Seminario Interdipartimentale di Algoritmica
 
 

Monday, May 17, 2004  12:00 noon
Modeling Locality: A Probabilistic Analysis of LRU and FWF
Luca Becchetti
Dipartimento di Informatica e Sistemistica, Università di Roma "La Sapienza"

DIS - Dipartimento di Informatica e Sistemistica, via Salaria 113
C3 Room, second floor

Abstract:
In this paper we explore the effects of locality on the performance of paging algorithms. Traditional competitive analysis fails to explain important properties of paging assessed by practical experience. In particular, the competitive ratios of paging algorithms that are known to be efficient in practice (e.g. LRU) are as poor as those of naive heuristics (e.g. FWF). It has been recognized that the main reason for these discrepancies lies in an unsatisfactory modelling of locality of reference exhibited by real request sequences. With paging as one of the motivating applications, many extensions to competitive analysis have been proposed in the recent past.
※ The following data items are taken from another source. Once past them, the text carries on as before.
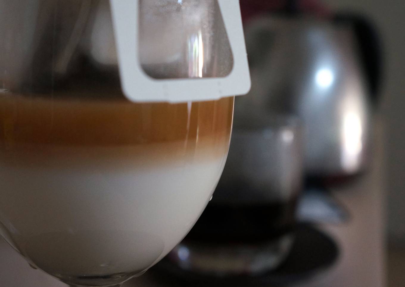 - slowly pour boiled coffee into the same glass, you can see 2 layers now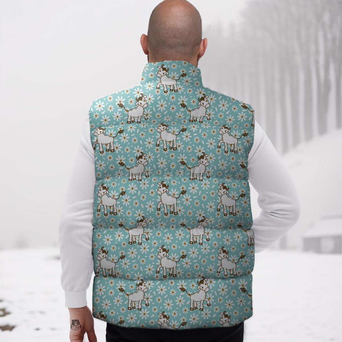 Cow And Cartoon Daisy Print Pattern Down Vest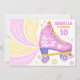 A fun and bright retro inspired roller skate design in the colour palette pastel pink, orange, purple and yellow. On the front is a pink roller skate with the text 'Let's Roll' in a retro script with a speed burst behind it, and on the back is a fun bright pattern of roller skates. Customise the details for your party! See the whole matching party collection.

Among the most interesting ones, the diffuse adversary proposed by Koutsoupias and Papadimitriou forces the adversary to generate request sequences according to properly defined families of probability distributions. The speficic adversary they propose, however, does not explicitly model locality of reference. We explicitely address this issue, proposing an adversarial model in which the probability of requesting a page is also a function of the page's age. In this way, our approach allows to capture the effect of locality of reference. We consider several families of distributions and we prove that the competitive ratio of LRU becomes constant as locality increases, as expected. This result is strengthened when the distribution satisfies a further concavity/convexity property: in this case, the competitive ratio of LRU is always constant. We also propose a family of distributions parametrized by locality of reference and we prove that the performance of FWF rapidly degrades as locality increases, while the converse happens for LRU.